Deputy v. Du Pont, 308 U.S. 488 (1940)
Deputy v. Du Pont
No. 151
Argued December 12, 1939
Decided January 8, 1940
308 U.S. 488
CERTIORARI TO THE CIRCUIT COURT OF APPEALS
FOR THE THIRD CIRCUIT
Syllabus
1. In calculating net income for taxation a deduction from gross income is allowable only if there is clear statutory provision therefor. P. 493.
2. In determining what are "ordinary and necessary" expenses of a taxpayer’s "trade or business," within the meaning of § 23(a) under the Revenue Act of 1928, resort is had to the popular or received import of those words. P. 493.
3. An ordinary expense is one that is normal, usual or customary; a transaction that gives rise to it must be of common or regular occurrence in the type of business involved. P. 495.
4. The fact that an expense would be an ordinary and common one in the course of one business does not necessarily make it such in connection with another business. P. 495.
5. Carrying charges on short sales of stock made by a stockholder to assist his corporation and preserve his investment in it cannot be deducted as ordinary and necessary expenses of his business where it does not appear that he was in the business of trading in securities, or that stockholders, engaged in conserving and enhancing their estates, ordinarily assist their corporations in similar fashion. Pp. 493 et seq.
6. In order to aid a plan of his corporation to increase the efficiency of its management by selling some of its stock to executive employees -- the corporation not being able legally to sell directly -- and to the end that, by the plan, his beneficial interest in the corporation might be conserved and enhanced, a stockholder made short sales to the executives (the corporation lending them the price) and borrowed the shares requisite to fulfill his contracts; when the borrowing period was up, he restored equivalent shares to the lender by borrowing them elsewhere under a contract which in time obliged him to pay to the second lender (a) a sum equal to dividends received by him on the borrowed shares, and (b) a sum equal to the lender’s income tax on such payments. Assuming that the activities of the stockholder in conserving and enhancing his estate constitute a "trade" or "business" within the meaning of § 23(a) of the Revenue Act of 1928, held:
(1) That these expenditures were not deducible in computing the stockholder’s income, because they proximately resulted not from the taxpayer’s business, but from the business of the corporation, and because they were neither "ordinary" nor "necessary" expenses of his business within the meaning of § 23(a). Pp. 494 et seq.
(2) Such expenditures were not deductible as "interest paid or accrued . . . on indebtedness" under subsection 23(b) of the Act. P. 497.
7. Although an indebtedness is an obligation, an obligation is not necessarily an "indebtedness" within the meaning of § 23(b).
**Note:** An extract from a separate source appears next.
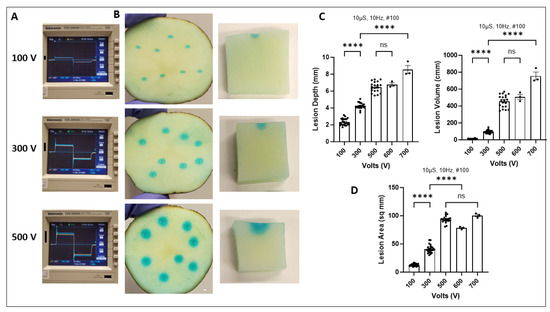 Increasing voltage significantly increases lesion size. (A) Oscilloscope recordings with biphasic square waveform with increasing voltage. (B) Representative slices post PFA treatment with 100, 300, and 500 V in the XY and Z plane. (C,D) Quantification of lesion characteristics including depth, volume, and area. Data are mean ± SEM. n ≥ 3. **** p < 0.0001, ns not significant.

Interest in its usual import is the amount which one has contracted to pay for the use of borrowed money. In the business world, interest on indebtedness means compensation for the use or forbearance of money. It is assumed that Congress has used the word in that sense. P. 497.
103 F.2d 257 reversed; 22 F.Supp. 589 affirmed.
Certiorari, post, p. 533, to review the reversal of a judgment of the District Court rendered against the present respondent in his action to recover money collected as income taxes.